Chocolate drip cake
Learn how to make the perfect chocolate drip cake. Chocolate sponge is slathered in chocolate buttercream and topped with a layer of glossy ganache
Nutrition: per serving (14)
Heat the oven to 180C/160C fan/gas 4. Line two deep 20cm cake tins with baking paper. Mix together the flour, cocoa and baking powder in a bowl. Put the chocolate, sugar and Kerrygold salted butter in a pan with 100ml of water. Heat gently until smooth, then cool.
Scrape the cooled chocolate mixture into a bowl and gradually whisk in the eggs until combined, followed by the vanilla. Gradually whisk in the dry ingredients to make a smooth batter.
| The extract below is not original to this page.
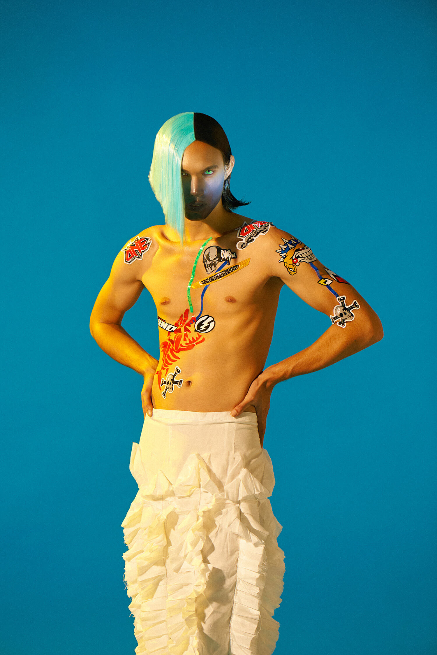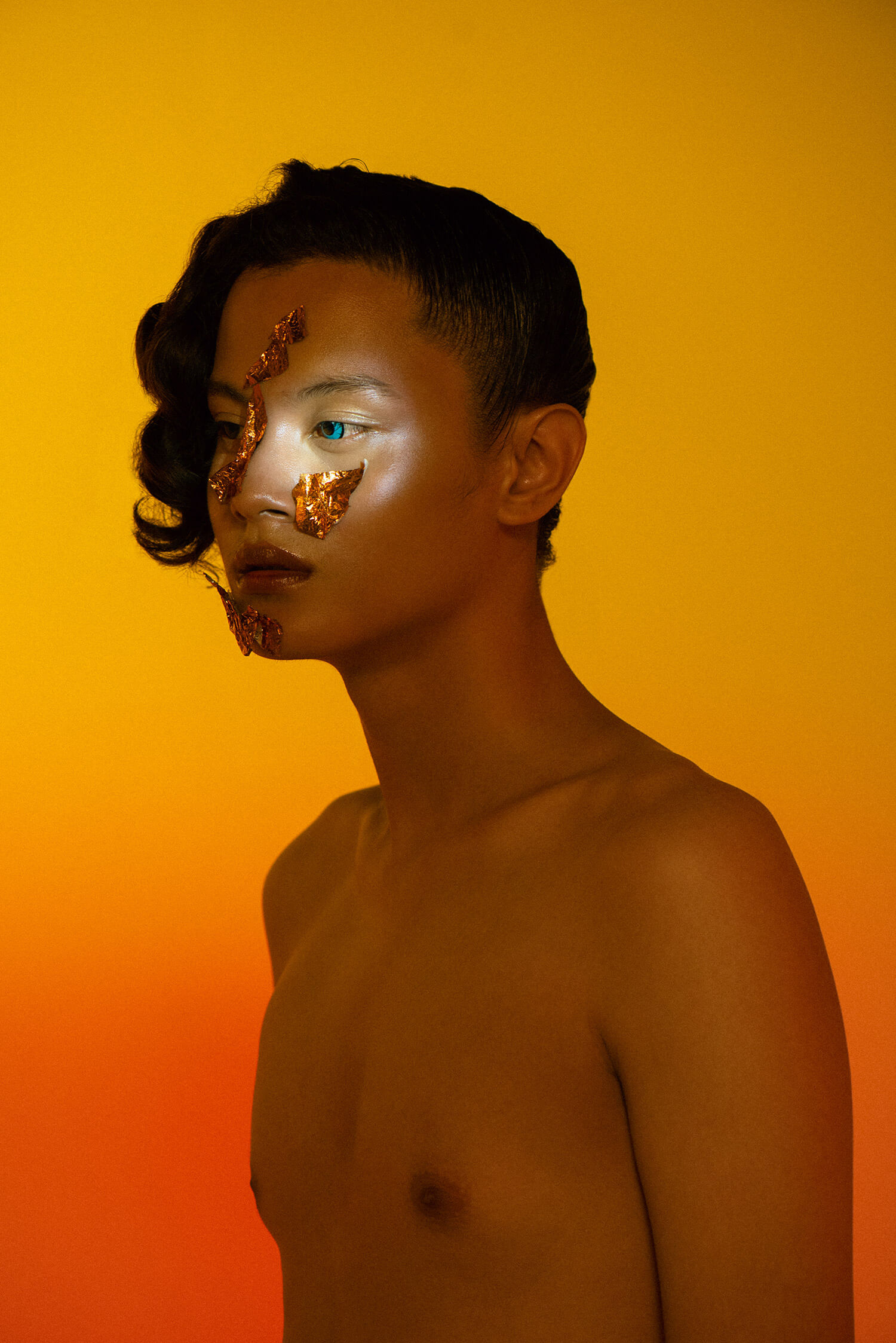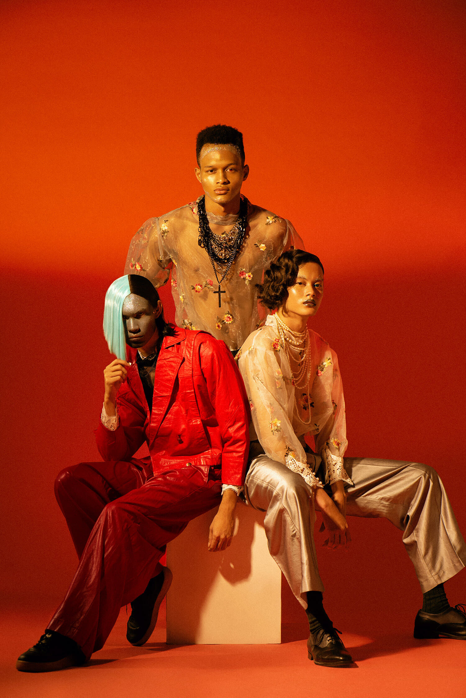 A KALTBLUT exclusive. Photography by Prabowo Prajogio. Models are AXEL and OBIN signed at Future Models , RIZAL signed at Persona Management. Styling by Gisela Febrina Juwono. Make-up by Claudya Christiani Purba. Hair by Eka Sari Wahyuni. Retouching by Christine K Siregar. Brands are LA DOUCHEVITA, HOMME PLISSÉ ISSEY MIYAKE, Jizeeru, KRATON World, L.O.C. Bowo, a true kid at heart, is naturally curious about the depth of beauty in the human nature. This interest was first shown in his love for drawing, but it eventually shifted to photography. His works are mainly influenced by Japanese & Korean Pop Culture. Expect eclectic fashion, little quirky gestures, vibrant colors, and everything else in between.

Divide equally between the cake tins, then bake for 30-35 mins or until a skewer poked into the middles comes out clean. Cool for 20 mins then turn out onto a cooling rack, top side down.
To make the frosting, put the butter in a small pan over a medium heat until melted – use a light coloured or silver pan so you can see the colour change. Keep cooking the butter, stirring now and again, until it begins to foam and sizzle. Wait until the butter turns golden brown and the milk solids on the bottom of the pan are toasted – it will smell nutty and rich. Immediately pour into a bowl to stop it cooking further. Let the butter cool, then put in the fridge for 1 hr or until cooled and set.
Scrape the butter into a bowl and briefly beat with electric beaters until it is a uniform colour (it would have separated on cooling). Add the icing sugar, bit by bit, along with a splash of milk until it’s fully combined – keep beating for 2-3 mins or until light and fluffy.
Turn the cakes the right way up and level off if the tops are domed – you don’t have to do this but it gives a neater finish. Sandwich the cakes together with a large spoonful of the frosting. Use the remaining frosting to cover the top and sides of the cake. Chill for 1 hr before slicing.